Wednesday, 16 June 2004

first at gym foofy

We changed our gym membership. 24 Hour Fitness is full of lines, I didn't feel comfortable locking my bike outside it, and its indoor pool has no daylight.

Gym Foofy is just a couple of blocks farther away. It's on a side street and its bike rack is immediately outside its glass doors with members walking in and out instead of in front of a concrete wall with almost no pedestrians and a lot of automobiles. So I can bike to it after work, with sneakers in my panniers.

Gym Foofy vows you never have to wait for equipment, which means that RDC and I can go together in the evenings, as we originally plotted at 24. Even after the New Year's mob (of which we were part) thinned out, evenings were a bad time to go. He would go during the day when he could schedule a free hour, and I would not go in the evenings because it was packed and I could not ride on the coattails of his discipline.

Gym Foofy has an outdoor pool, heated and open from April 1st through October 31st, for lap swim, and another outdoor pool for leisure and children, and an indoor pool with big windows. It is a 25-meter pool, rather than Congress Park's 50, but I was happy enough in Cook Park's 25 and I lost a lot more time to crowding than I will to twice as many of my inefficient turns.

Gym Foofy also costs twice as much. It provides towels, which is nice, and Q-tips, which is insane. But I can swim outdoors for six months out of the year instead of eight weeks at the city pools, not in such restrained times (all of them have the same lap swim hours, of which I could make four a week), not in such filthy water, and I can ride my bike.

Next year, supposedly a 24 will open within walking distance of Dot Org out here in the hinterlands.
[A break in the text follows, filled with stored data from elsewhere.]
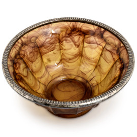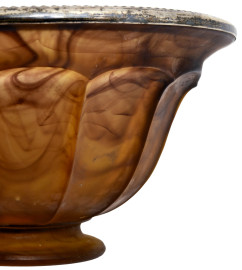 Centrotavola in vetro fumè con orlo in argento, XX secolo, cm 11x23
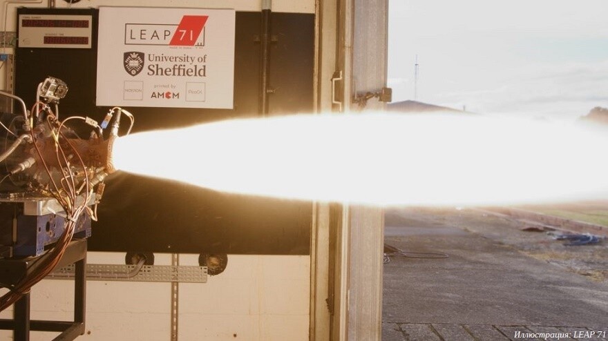 Дубайская компания LEAP 71 провела огневые испытания экспериментального 3D-печатного ракетного двигателя, полностью спроектированного искусственным интеллектом — инженерной вычислительной моделью Noyron — всего за две недели. Силовая установка с тягой в 5 кH прошла цикл огневых испытаний продолжительностью до двенадцати секунд. Подобные компактные двигатели обычно используются на верхних ступенях ракет-носителей — разгонных блоках. Опытный образец из хромо-циркониевого медного сплава изготовлен немецким бюро промышленной 3D-печати Additive Manufacturing Customized Machines (AMCM), дочерним предприятием производителя аддитивных систем по технологии лазерного синтеза на подложке Electro-Optical Systems (EOS). Постобработкой занимались специалисты Шеффилдского университета, испытания прошли на полигоне британской компании Airborne Engineering. Топливной парой служат керосин и жидкий кислород, а температуры в камере сгорания достигают трех тысяч градусов Цельсия, что требует активного охла
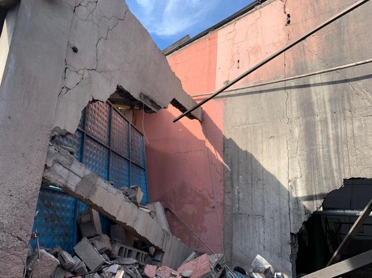 Patlama nedeniyle fabrikanın duvarının bir bölümü de yıkıldı.
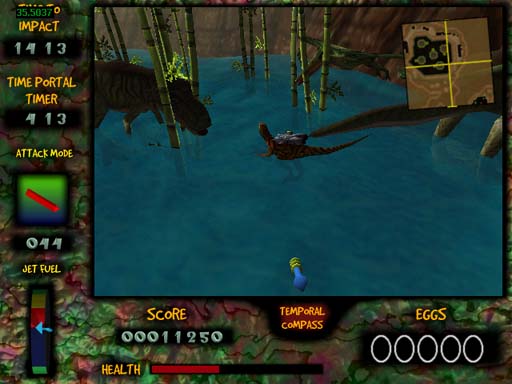 Released in 1998, Nanosaur is an action-adventure game developed by Pangea Software, Inc.. The game is set in a futuristic world where players take on the role of a time-traveling dinosaur, specifically a genetically enhanced raptor, tasked with retrieving dinosaur eggs from the past and returning them to the future. The primary objective is to ensure the continuation of the species while battling against other dinosaurs and environmental hazards.
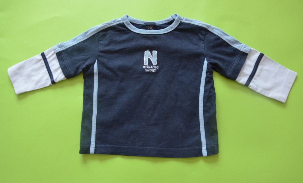 ROZMIAR Z METKI: 80 CM, 9-12 M (szerokość mierzona od pachy do pachy ok 28 cm x 2, długość rękawa mierzona od pachy ok 20 cm, całkowita długość ok 34 cm)
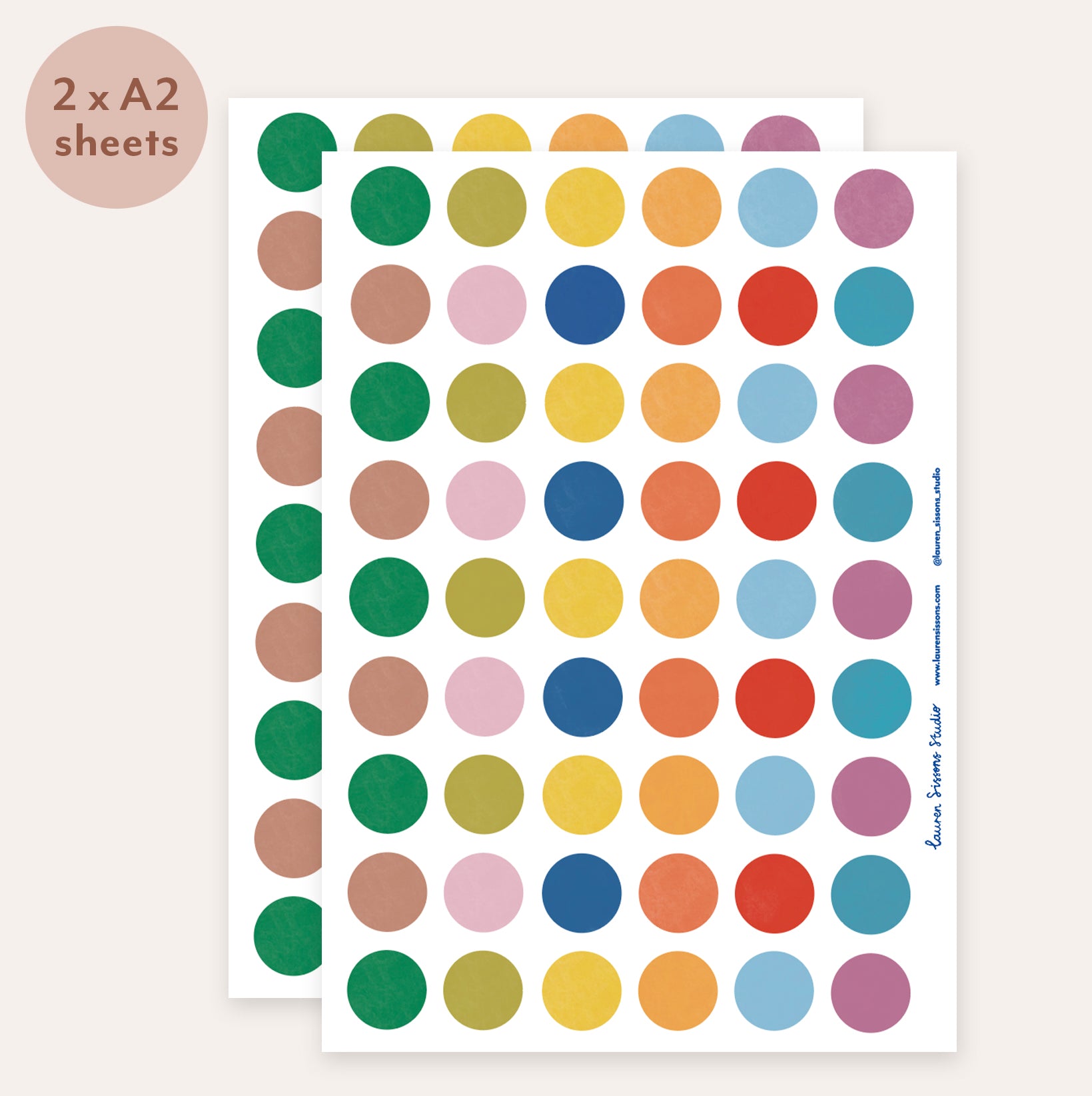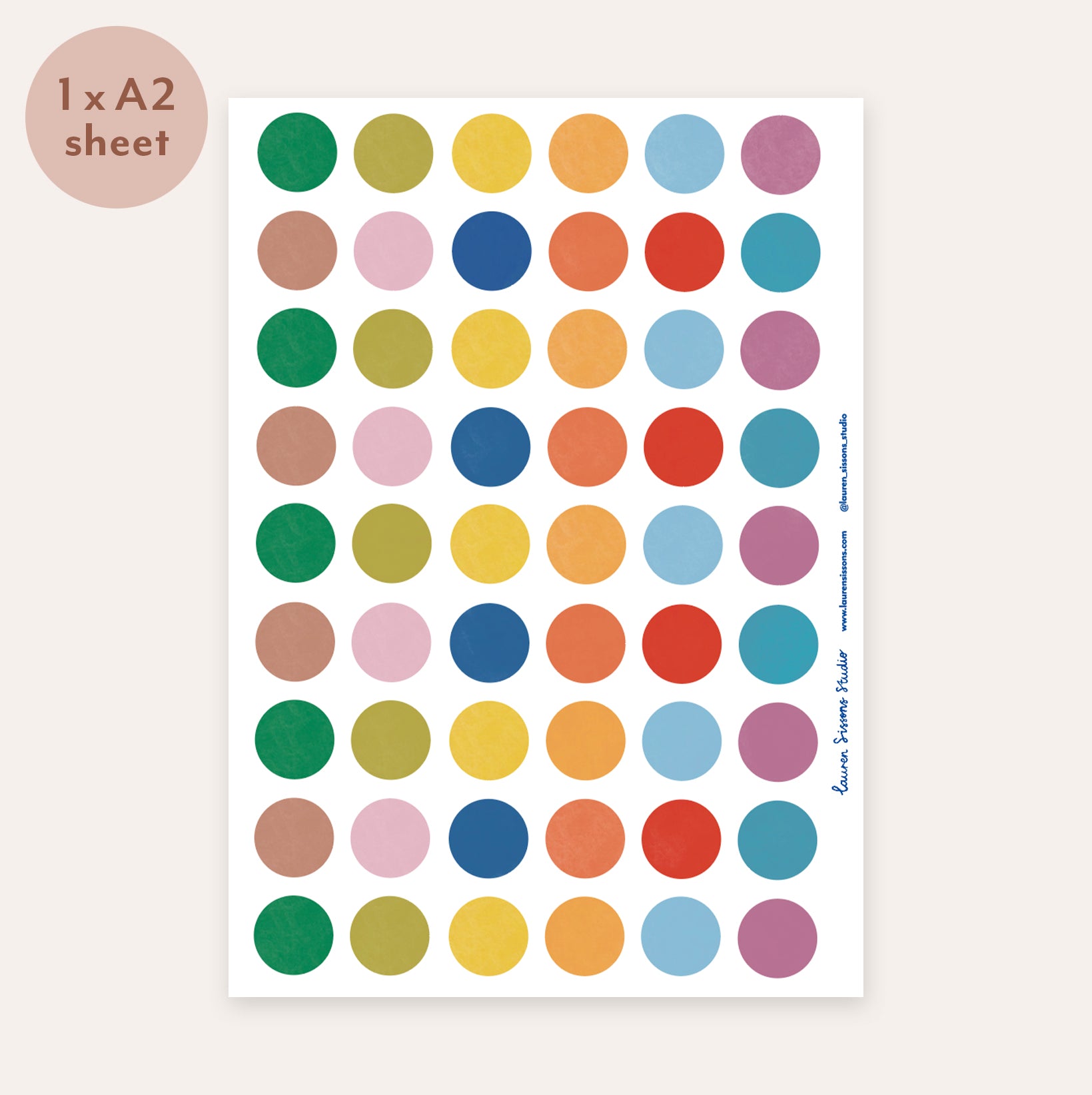 A2 sheet size - includes 54 multicolour dot stickers. Stickers measure 5.2cm diameter
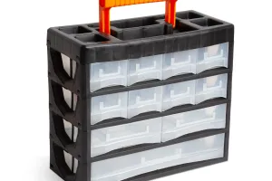Puteti lucra eficient numai in conditii ordonate! Cu ajutorul acestui organizator portabil, puteti pastra separate pe marimi si tip piese mici, suruburi, dibluri, cuie, intrerupatoare sau alte componente electronice necesare pentru lucrari. Datorita elementelor de divizare, puteti separa pana la 24 de tipuri de accesorii. Sertarele transparente si detasabile ofera o vizibilitate buna.
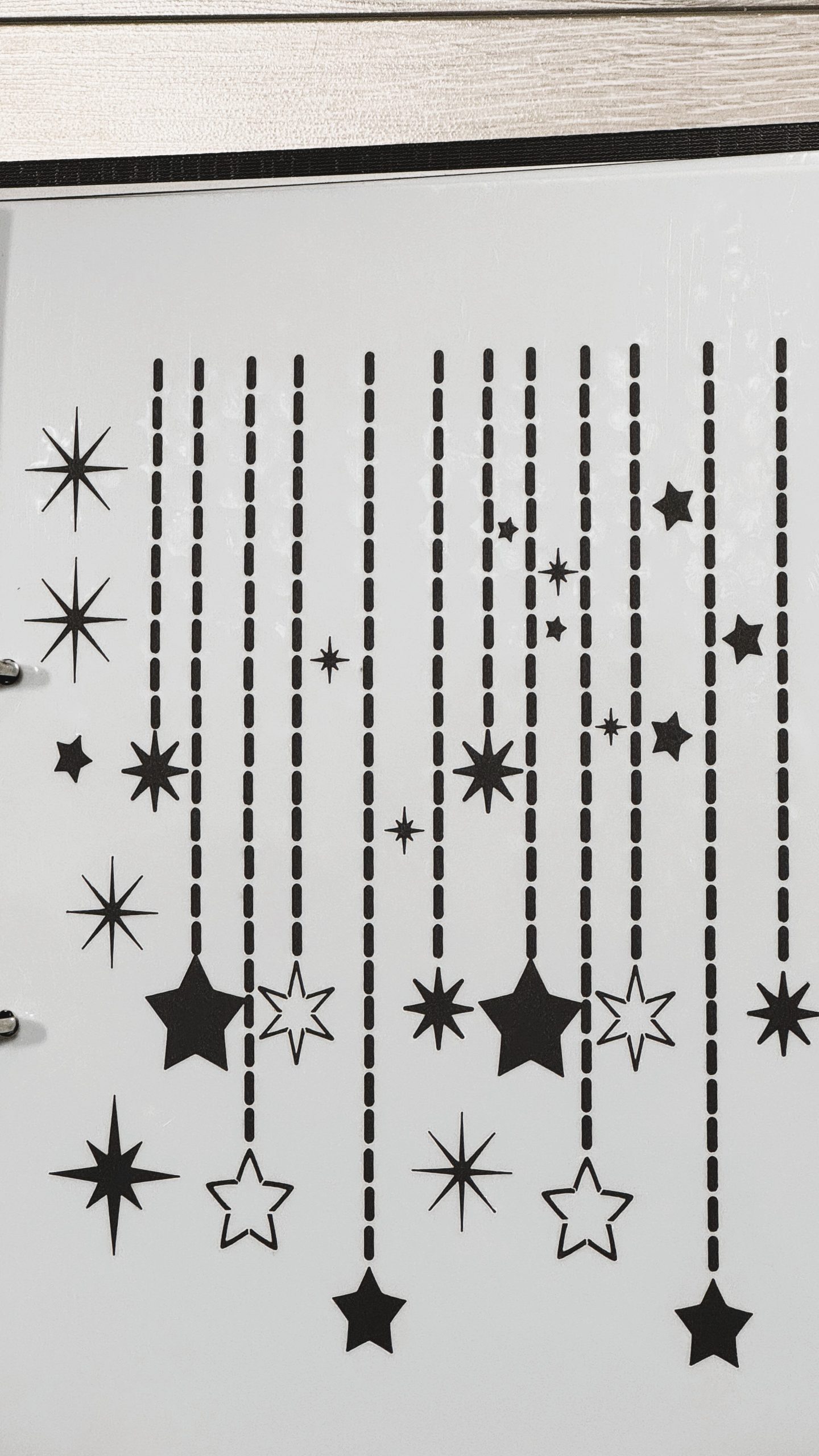 A celestial hanging star stencil designed for dreamy, elegant wall decor. Perfect for nurseries, bedrooms, and creative DIY projects.
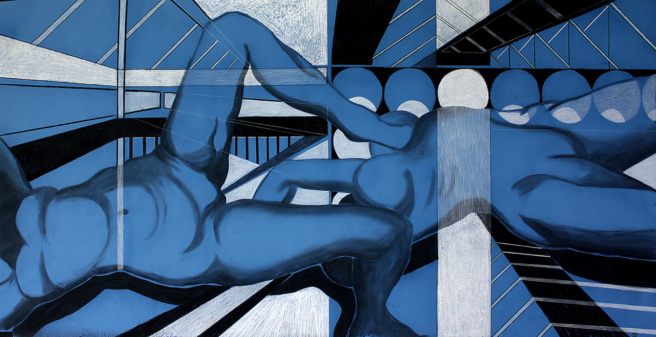 Drawing is a discipline in which ‘looking outside’ and ‘looking and moving within the frame of the paper’ is very important. Sources of inspiration are urban and industrial landscapes and shapes of the human body. Tom’s work consists of countless shades of black but he also uses colour in an exciting way. The artworks change as the daylight changes. Observations and impressions from spending time outdoors inspire his artwork. His skilled drawings may develop into new drawings as well as paintings. In his paintings he combines colour, patches and blots with lines to create several spaces.
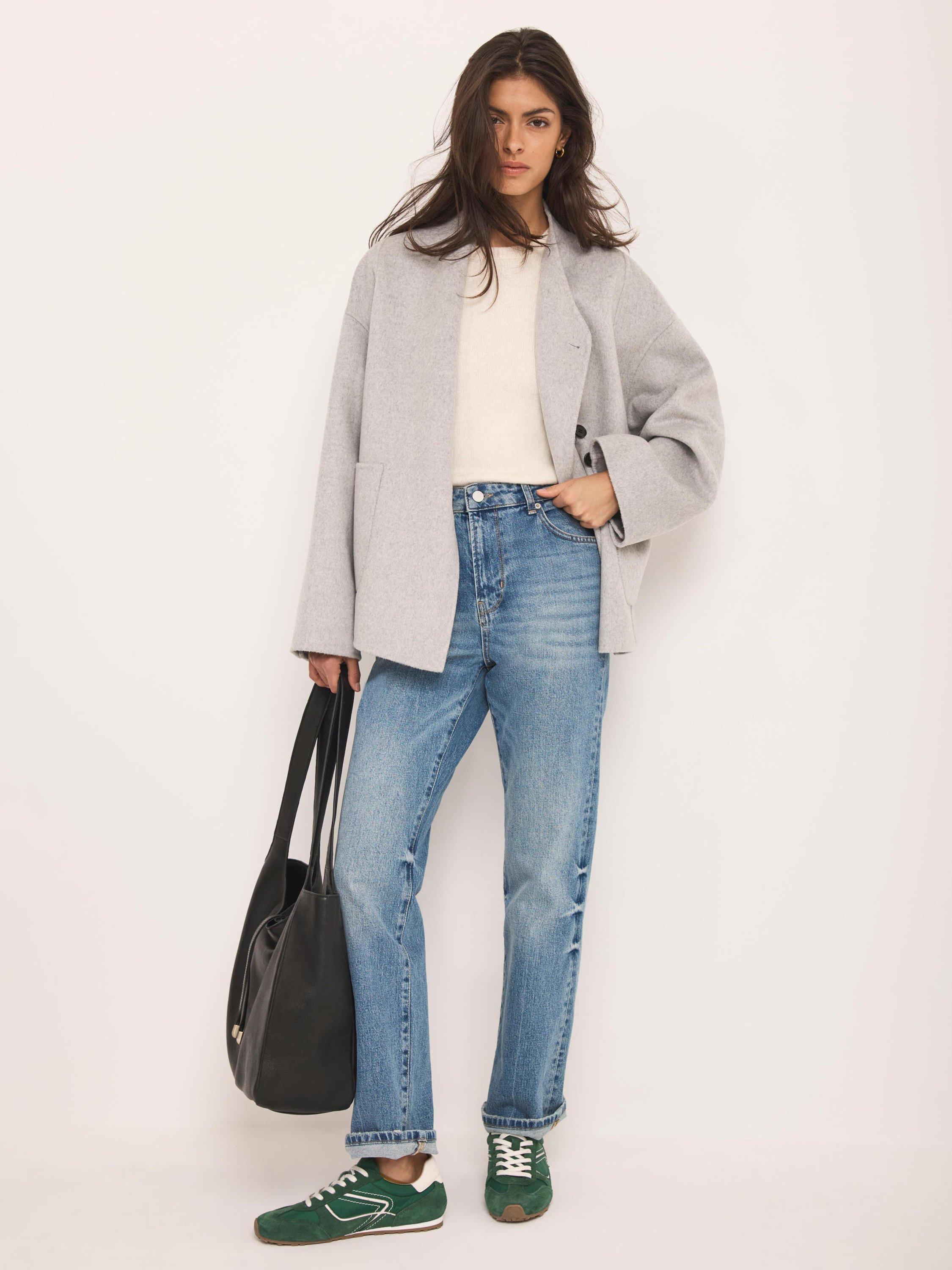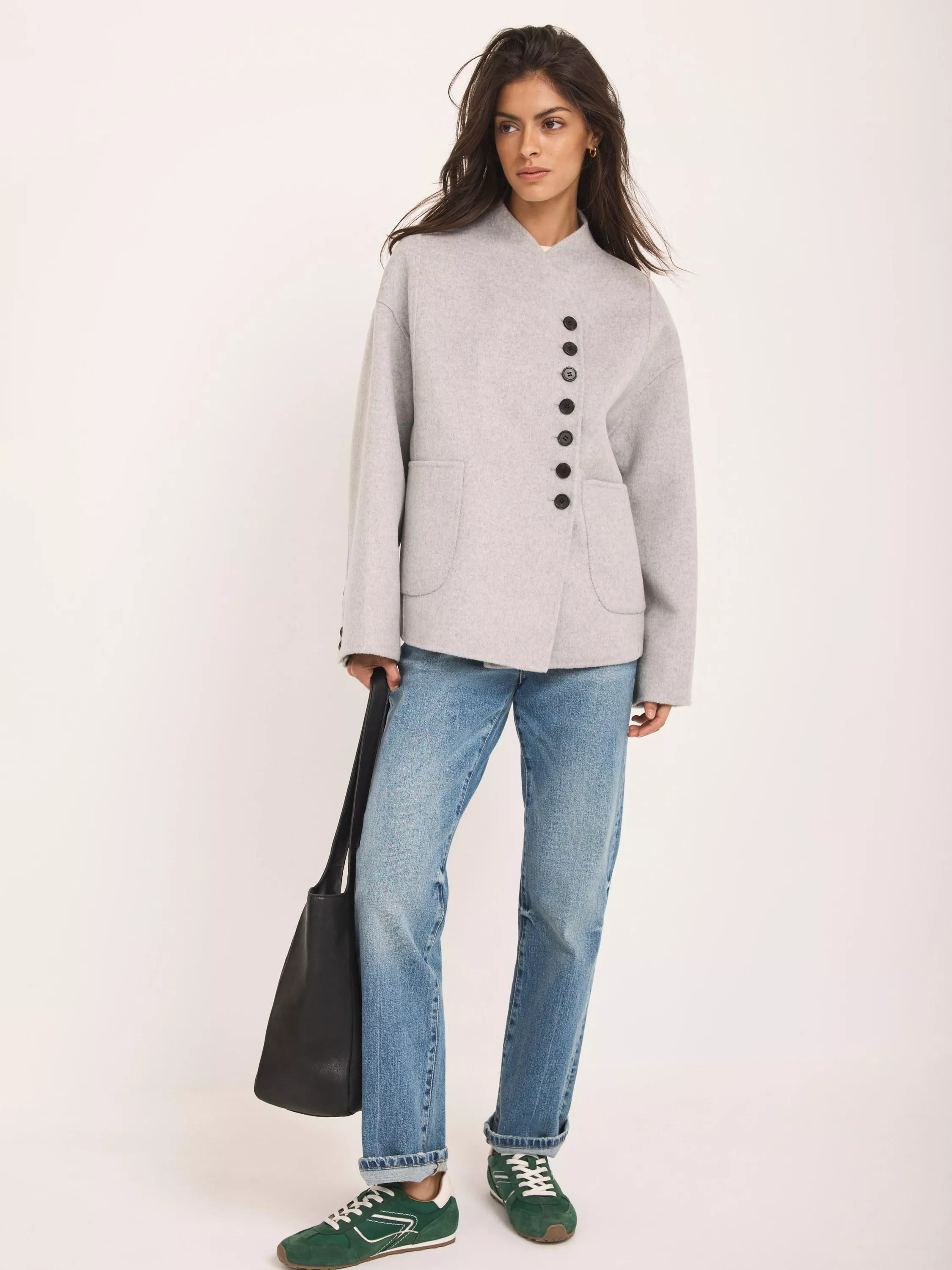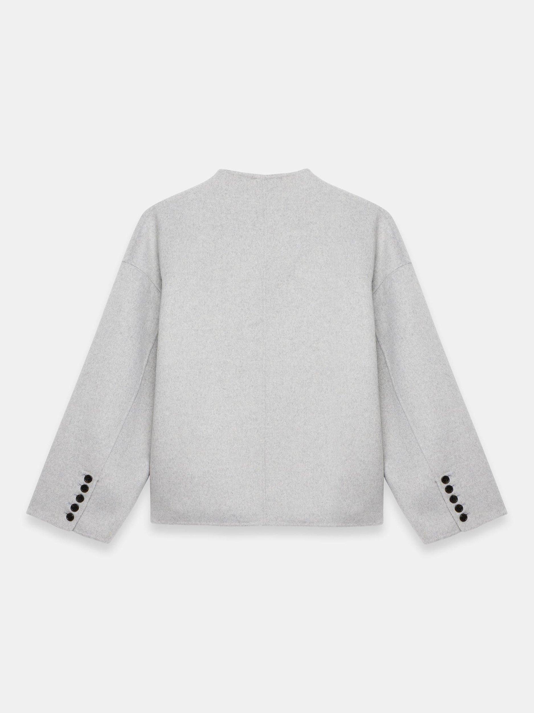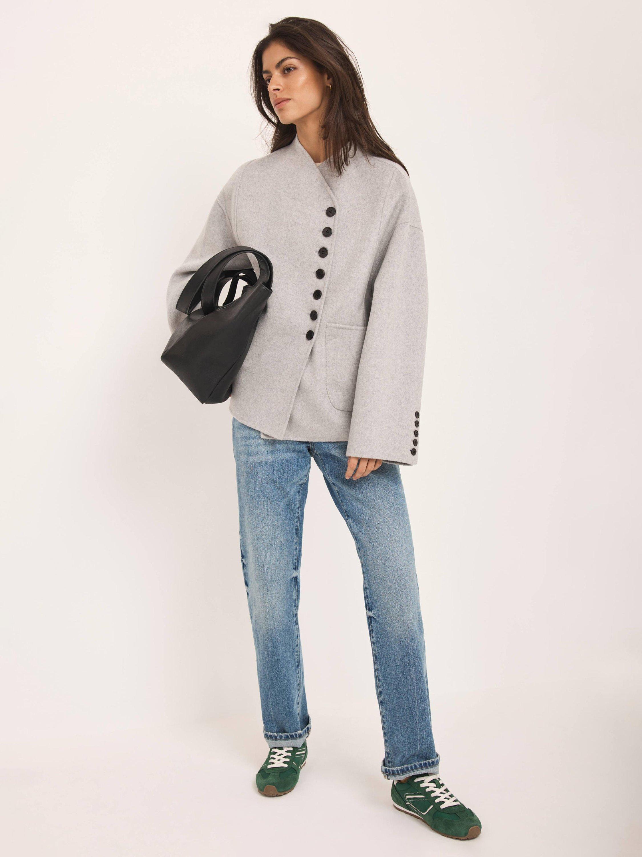 A wool-blend jacket in a double-breasted silhouette featuring a V-neckline, long wide sleeves, buttoned cuffs, side pockets and a button fastening through the front.

At that point, I will have to make a decision: if I am still going to Gym Foofy, I will allow me to keep my membership; if I am not, better waste less money at 24 where transportation won't be an issue again than at Foofy. That's good motivation to go to Foofy.

Precor Elliptical 30', and I have a complimentary meeting with a personal trainer next week.

astronomy

From my semester of astronomy in high school, I remember only that it was hard (that and the viewings in our own observatory). It involved math, which wasn't my thing. I had expected to be thrilled by physics, to talk about Newton and Galileo, and was similarly disappointed by math-heavy formulas calculating acceleration--three feet per second per second? mass multiplied by what equals what?

But I still like stars and planets, and I still like Copernicus and Einstein--their discoveries, their processes, their clean deductive minds.

For some years now I have asserted that the full moon is never in the sky at the same time as the sun. I do not remember where I picked up that factoid, and I figured it was about time I researched its accuracy. This is not completely satisfactory. It does confirm that the full moon cannot be high in the sky immediately or soon after sunset, which is the gist of my assertion, but does it mean that half the moon and half the sun both can be visible at their opposite points of horizon? Most places are not so flat that you can see a full 360-degree plane.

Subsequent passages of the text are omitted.